• _Collection entries_:
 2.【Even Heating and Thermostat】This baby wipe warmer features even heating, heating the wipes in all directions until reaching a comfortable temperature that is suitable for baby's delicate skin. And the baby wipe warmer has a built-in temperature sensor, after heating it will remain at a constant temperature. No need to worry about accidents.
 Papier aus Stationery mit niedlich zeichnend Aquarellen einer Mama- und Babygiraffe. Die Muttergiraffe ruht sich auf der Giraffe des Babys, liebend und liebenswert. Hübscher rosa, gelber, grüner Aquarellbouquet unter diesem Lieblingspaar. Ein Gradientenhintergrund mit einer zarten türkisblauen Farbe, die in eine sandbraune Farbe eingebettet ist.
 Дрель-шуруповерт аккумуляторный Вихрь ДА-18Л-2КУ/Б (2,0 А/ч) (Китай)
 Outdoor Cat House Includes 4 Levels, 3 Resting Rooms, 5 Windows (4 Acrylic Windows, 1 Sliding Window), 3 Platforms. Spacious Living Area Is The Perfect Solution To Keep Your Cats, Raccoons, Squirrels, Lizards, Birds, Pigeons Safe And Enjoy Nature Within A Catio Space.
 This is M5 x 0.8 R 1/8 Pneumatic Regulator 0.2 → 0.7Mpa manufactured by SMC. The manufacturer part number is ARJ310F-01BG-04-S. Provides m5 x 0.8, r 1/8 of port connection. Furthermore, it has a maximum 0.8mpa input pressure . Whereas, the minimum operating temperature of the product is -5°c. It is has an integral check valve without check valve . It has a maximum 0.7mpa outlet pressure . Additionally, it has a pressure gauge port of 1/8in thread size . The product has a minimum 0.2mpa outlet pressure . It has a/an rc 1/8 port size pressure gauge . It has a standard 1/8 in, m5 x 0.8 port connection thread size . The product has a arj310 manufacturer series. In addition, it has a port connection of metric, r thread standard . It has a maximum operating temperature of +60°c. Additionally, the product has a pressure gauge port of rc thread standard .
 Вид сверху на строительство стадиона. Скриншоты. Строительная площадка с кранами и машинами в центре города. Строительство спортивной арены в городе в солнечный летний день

• _Goal of the exercise_: When the line with "Дрель-шуруповерт аккумуляторный Вихрь" is reached in the data above, begin copying, and stop after the line with "Outdoor Cat House"; copy each line exactly, both ends included.

• _Answer box_:
 Дрель-шуруповерт аккумуляторный Вихрь ДА-18Л-2КУ/Б (2,0 А/ч) (Китай)
 Outdoor Cat House Includes 4 Levels, 3 Resting Rooms, 5 Windows (4 Acrylic Windows, 1 Sliding Window), 3 Platforms. Spacious Living Area Is The Perfect Solution To Keep Your Cats, Raccoons, Squirrels, Lizards, Birds, Pigeons Safe And Enjoy Nature Within A Catio Space.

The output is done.